1/2 If Food Republic, a glorified food court, nearly made me crap myself with glee, then StraitsKitchen…um, I don’t like where this metaphor is going. Let’s just say that it is the most awesome buffet in the universe. Eating in malls and hotels isn’t shameful in Singapore and I must admit that the Hyatt knows what they’re doing. In Beijing, we tried Made in China, a similar concept that served Northern Chinese dishes. StraitsKitchen also brings local fare under one roof, and presents everything slickly yet with remarkable authenticity.
Different styles of food, including Indian, Malay, soups, Chinese roasted meats and chicken rice, desserts, tropical fruits and juices, and more, were featured at individual stations.
I only regret that 9pm reservations were the only time we could finagle same day. They have two seatings and the first was fully booked.

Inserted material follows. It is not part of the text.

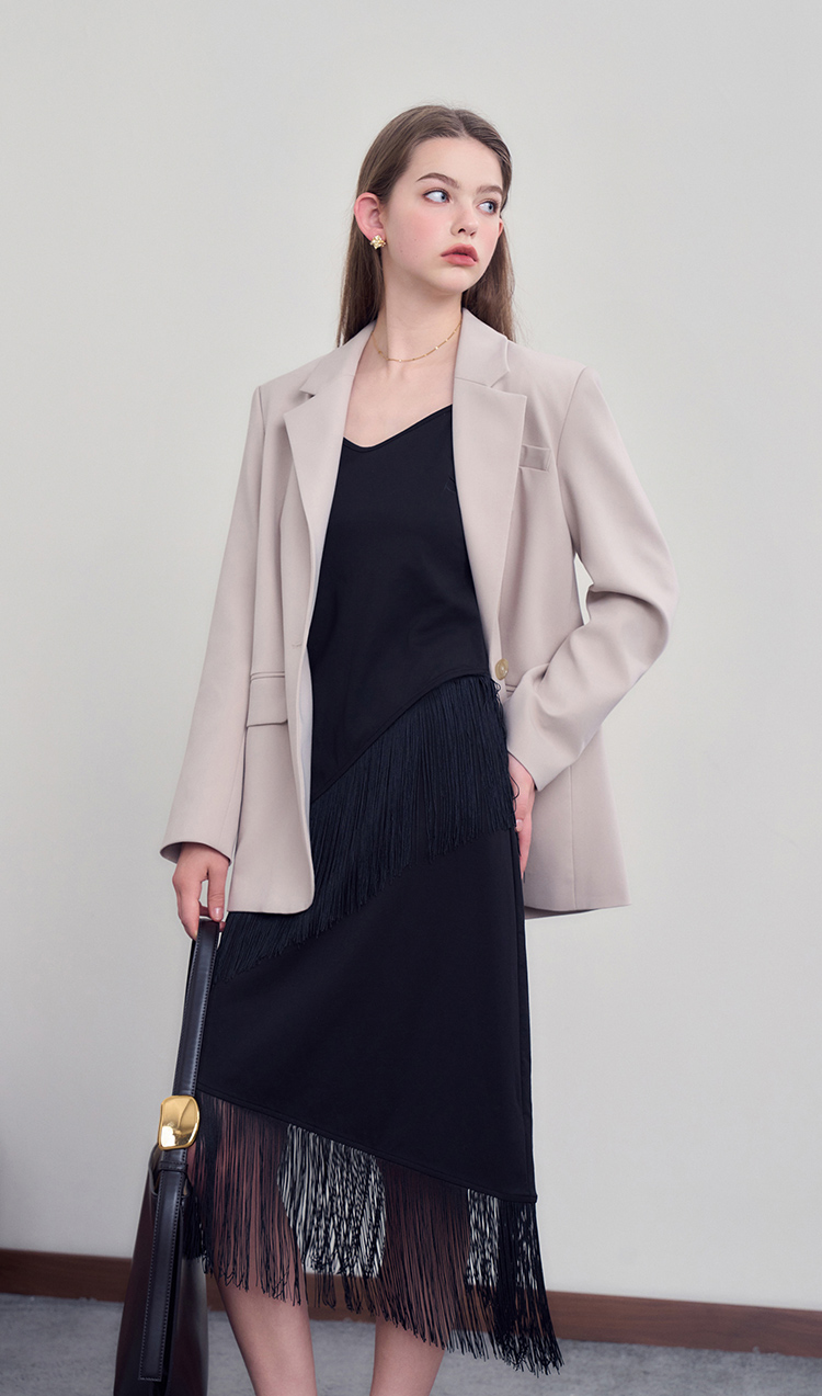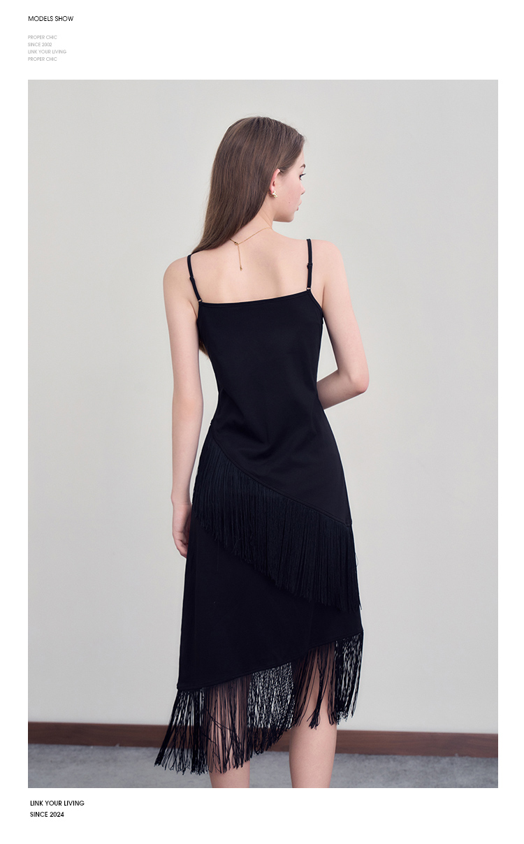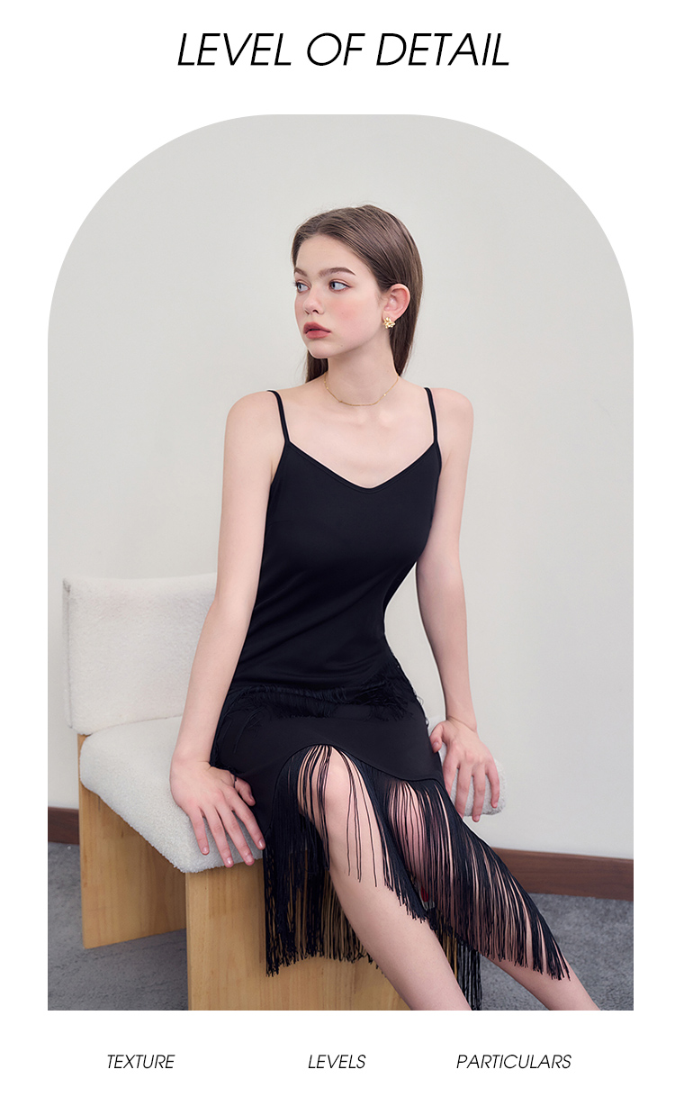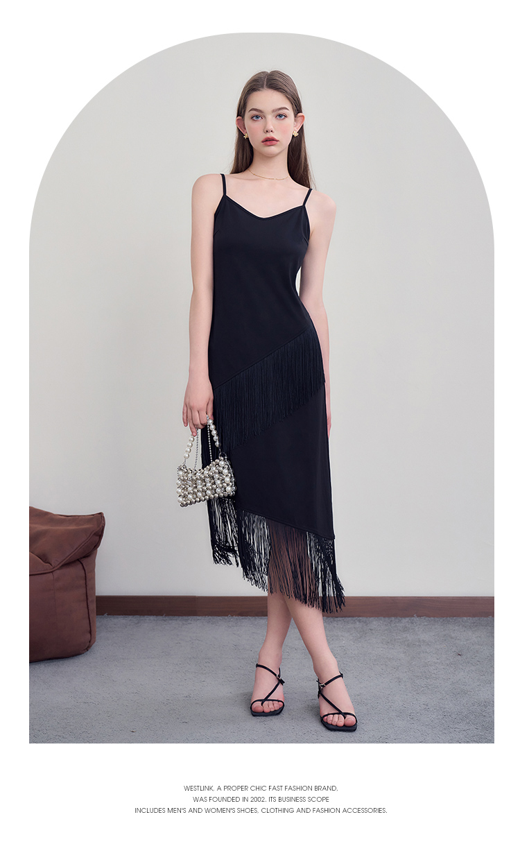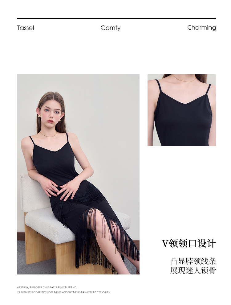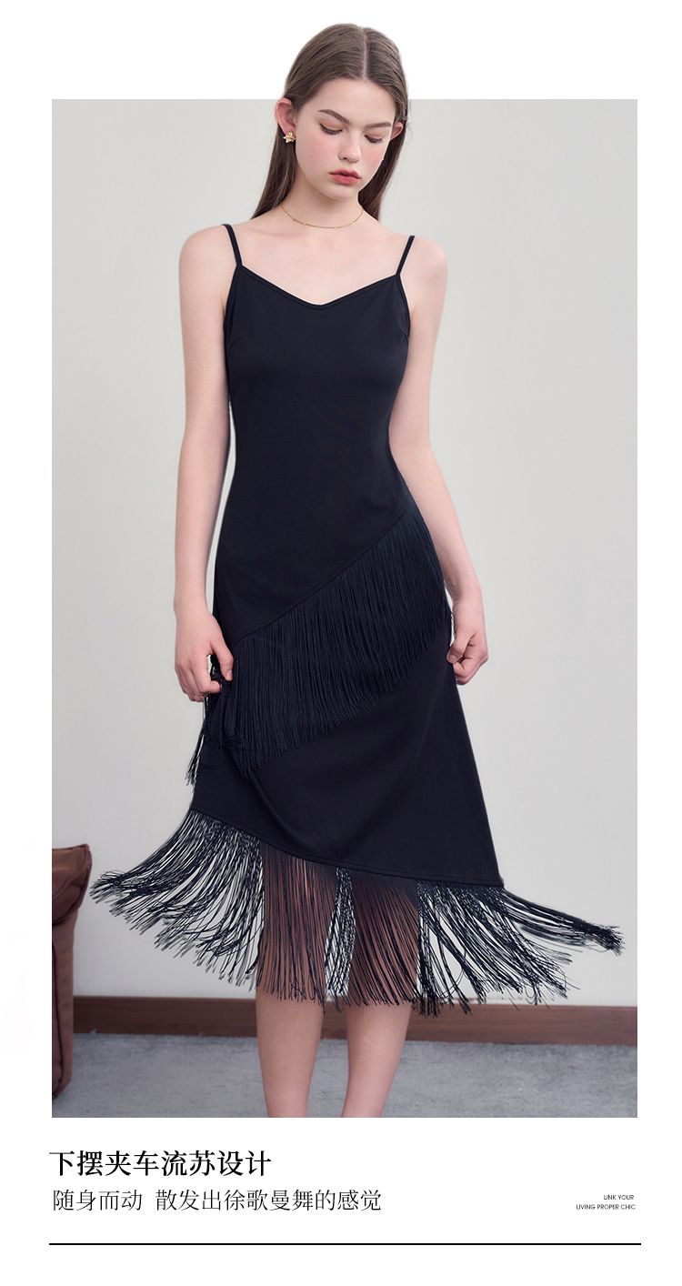 简约高级感肌理流光流苏吊带裙女早春V领宴会裙连衣裙V3042331

The problem being that we eat way too slow and leisurely to cram enough food into an hour and a half. I felt half-frantic the whole time, wanting to sample as many things as possible without filling up (after my super power fantasy of being able to speak and understand all languages in the world, my number one grotesque desire would be to eat and never get full or absorb the calories). Just because I like to order lots of food doesn’t mean I can actually eat it all.

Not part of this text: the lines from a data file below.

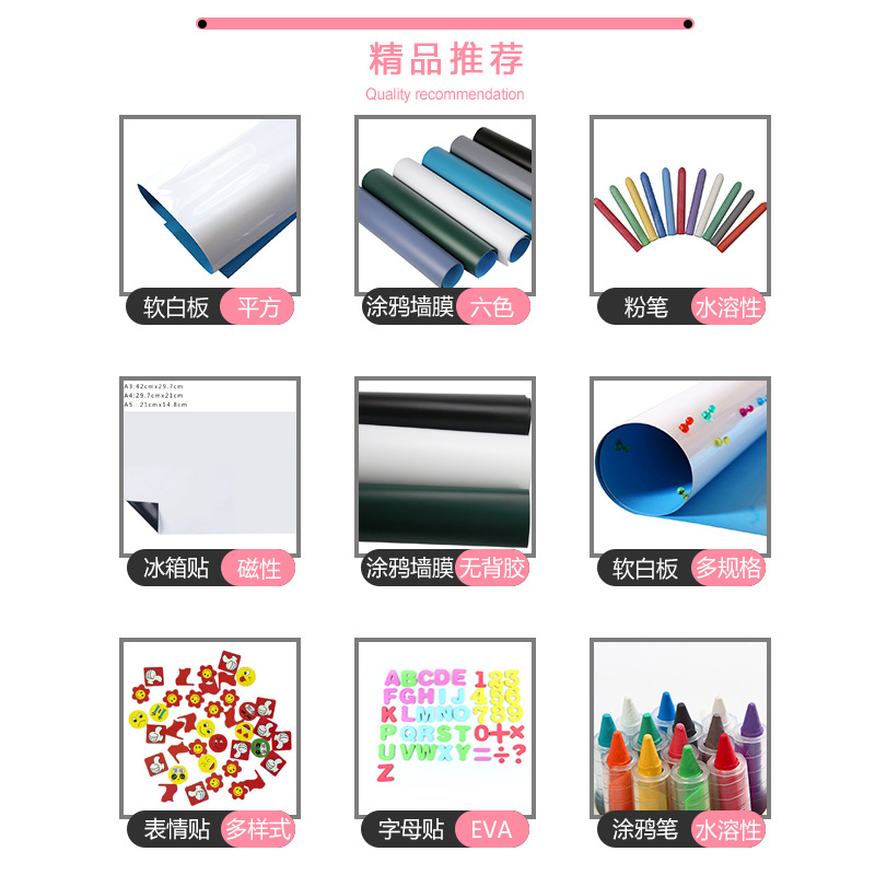 主营产品:多规格磁性涂鸦墙膜、PET软白板、双面水洗墙膜、水溶性涂鸦笔、水溶性固体粉笔、液体白板笔、磁钉磁扣、磁性字母贴、磁性七巧板、磁性收纳袋、磁性田字格、磁性表情贴等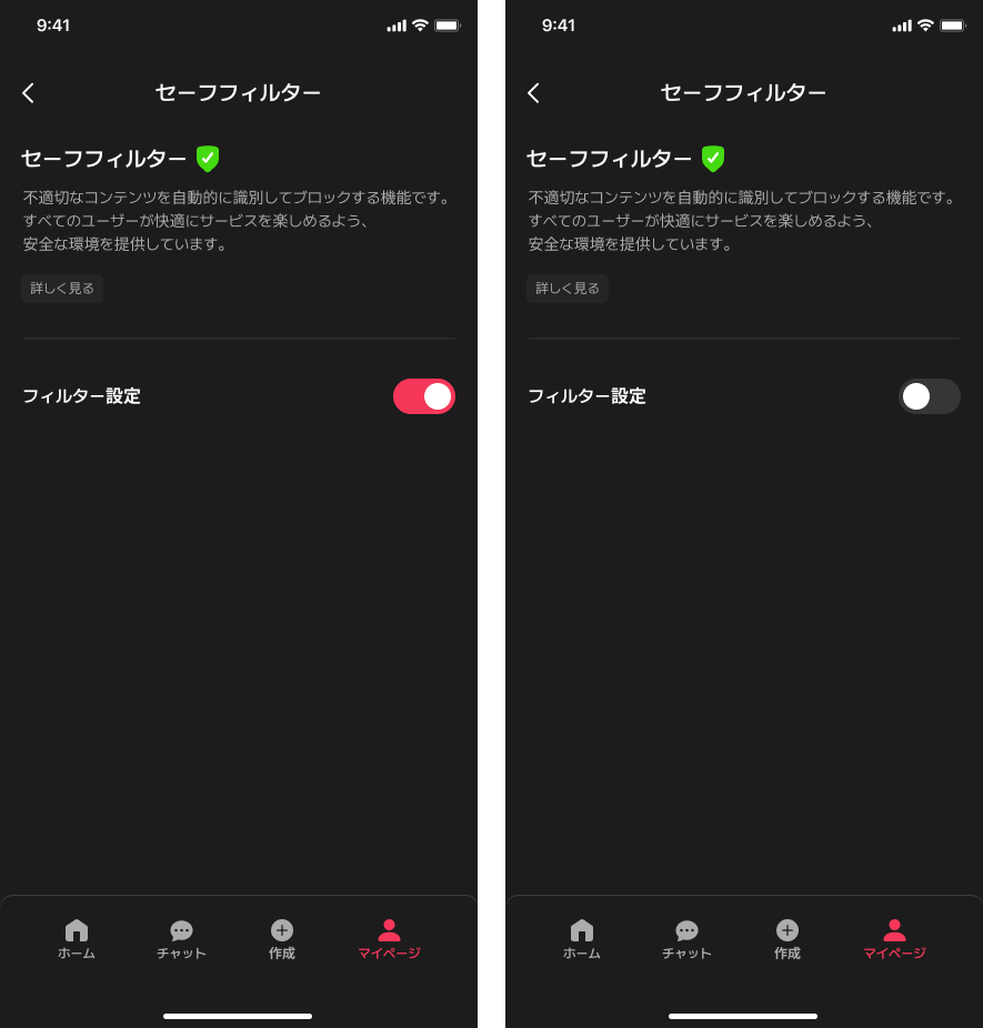 未成年会員の場合、セーフティフィルターをOFFにすることはできません。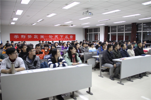 金军书记在论坛开始前作了讲话,他认为时事论坛为关心国内外时事的同学提供了一个良好的交流平台,具有重要现实意义。他要求学生党员严格要求自己,在集体中起到模范带头作用,争做践行社会主义核心价值观的排头兵。他希望学生党员带领身边同学在学习生活中树立正确的价值观,弘扬主旋律,激荡正能量。最后,金书记以 “风声雨声读书声声声入耳,家事国事天下事事事关心”勉励各位同学并宣布论坛正式开始。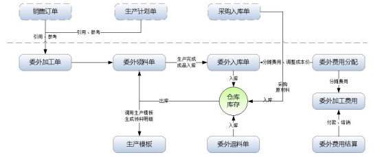 ????對委外加工需要我們提供原材料(即我們采購的原材料),需代加工廠生產時,我們出庫運送給代工廠(也有可能采購的原材料直接存放在代加工廠倉庫),這種業務模式軟件也提供了較好的支持。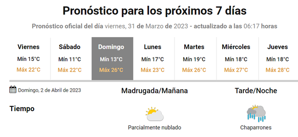 A partir del lunes al mediodía se espera buen tiempo, con clima templado y el miércoles 5 de abril llegarían más lluvias en horas de la mañana.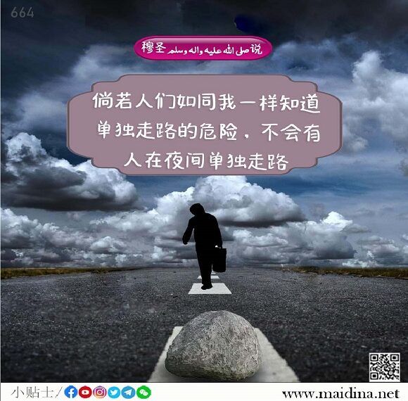 倘若人们如同我一样知道单独走路的危险,不会有人在夜间单独走路。(布哈里圣训实录,第2册,2998,段哈迪斯) Tǎngruò rénmen rútóng wǒ yīyàng zhīdào dāndú zǒulù de wéixiǎn, bù huì yǒu rén zài yèjiān dāndú zǒulù.(Bù hālǐ shèng xùn shílù, dì 2 cè,2998, duàn hā dí sī) 664 “Contact Links”YouTubehttps://youtube.com/channel/UCYz3e0kw4KUZLKJk0SRyMTwTwitter 继续阅读

My first interaction pissed me off but I quickly got over it. I walked up to the popiah station where the guy spreads out the crepe batter and makes the roll custom for you from scratch and as I was waiting a clueless Australian woman walked up and asked a million questions about what these were, then decided she wanted one so he started making ours at the same time. But then she made a fuss about not eating shrimp and not liking spice and next thing I knew he had made our two rolls exactly the same. Not all white women hate shrimp and chiles. The New Yorker in me would’ve made him re-make mine but I’m not a total bitch, and time was wasting. Instead, I brought it back to the table, sulked and unhappily picked at the half-assed popiah not made my way.
No time for tears, though. I moved on quickly to Hainanese chicken rice. I couldn’t fill up on all that rice, nice and chicken brothy as it was. I didn’t think I was going to have time to fit in this Singaporean classic during my week in town so I was happy for this quickie.
James picked out some Indian food for us to share. That’s fish head curry on the left and I think tandoori chicken, biryani and something orange on the right. Bok choy and char kway teow are hiding in the background.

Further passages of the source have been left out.